By: Alexandria Addesso
Over 2,000 years ago thirteen men sat down to have a meal around the time of the Jewish Passover. At this supper the bread and wine was blessed as was their custom, but the bread was declared the true Body and the wine was declared the true Blood of the man that was saying the blessing, a man though considered fully human was also believed to be fully God. With this declaration also came the stance that whoever believed and consumed this meal would have eternal life, yet this teaching was so hard to understand that many stopped believing and following Him after it.

The next three centuries those who still celebrated this meal, then commonly known as Christians or followers of the Way, were deemed cannibals for such beliefs and many were killed.
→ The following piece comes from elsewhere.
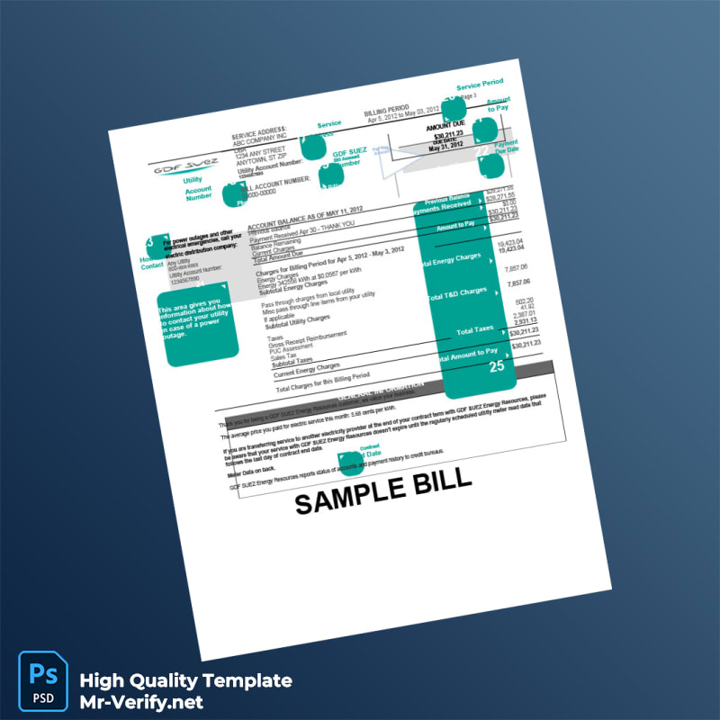 The USA GDF SUEZ Editable Utility Bill Template offers:

Over 1400 years after that initial supper, although this belief flourished into an organized religion and was now accepted among many people, a disgruntled monk disbelieved and started what is now known as the Protestant Reformation. And thus today there are over 40,000 Protestant denominations who also do not believe that the bread and wine truly becomes the Flesh and Blood of Christ, but instead only a mere symbol of it.
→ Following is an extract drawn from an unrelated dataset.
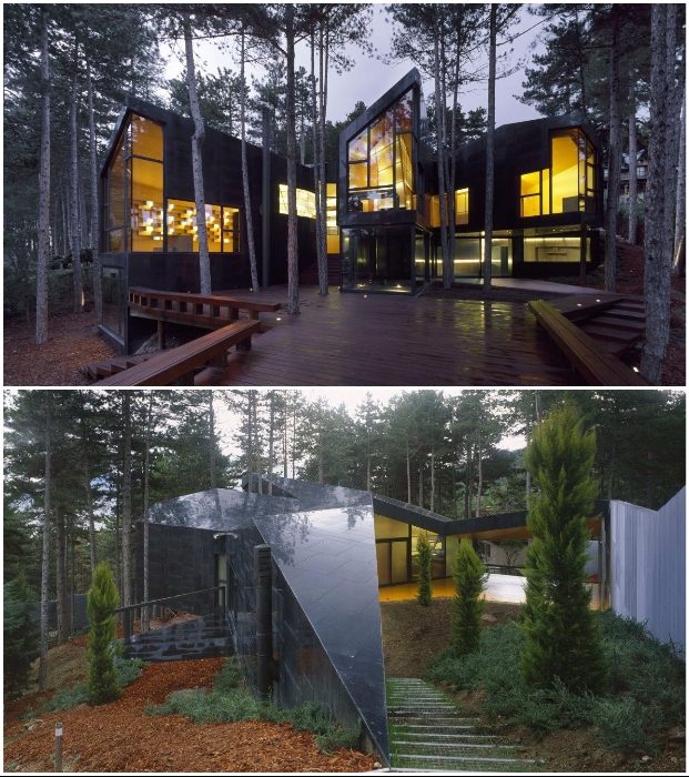 Если хотите увидеть дом, который уважает природу, тогда стоит заглянуть в лесную чащу, расположенную на склоне горы Сьерра-де-Гвадаррама. Футуристический, энергетически независимый особняк спроектировали архитекторы компании NO.MAD. Используя элементы нелинейной геометрии, специалисты компании умудрились втиснуть огромное здание площадью 400 кв. м между вековыми соснами на склоне горы так, чтобы оно гармонично вписалось в окружающую среду.

Yet, what happens when science intersects faith? Can science ratify or disprove religious beliefs or are the two fields too different to even be spoken about in the same breathe without starting arguments on both ends? When a Catholic (or Orthodox for that matter but the theology differs only very slightly) priest says the words of consecration over the bread and wine it is believed that transubstantiation occurs, that the bread and wine become true Flesh and Blood. But the accidents, the wine and bread, appear the same as they did before the consecration. This is the true for most Masses, but there have been 140 Vatican approved Eucharistic Miracles, when the accidents literally became Flesh and Blood verified by objective science.

The first such recorded miracle of this sort took place in the 8th century in what is now known as Lanciano, Italy. A monk, who was struggling with his own personal belief in the True Presence of Jesus in the Eucharist, was saying Mass at the Church of St.
Legontian. After the consecration the host became Flesh and the wine physical Blood that coagulated into five globules differing in shape and size. It was stored, never deteriorated and multiple ecclesial investigations have been done on it throughout the centuries. The latest scientific investigation took place in 1981 by scientist and Professor in Anatomy, Pathological Histology, Chemistry and Clinical Microscopy, Odoardo Linoli with the assistance of Prof. Ruggero Bertelli of the University of Siena. Their findings discovered that the Flesh contained myocardium, the endocardium, the vagus nerve and also the left ventricle of the heart for the large thickness of the myocardium. The Blood was type AB positive and contained proteins only found fresh blood.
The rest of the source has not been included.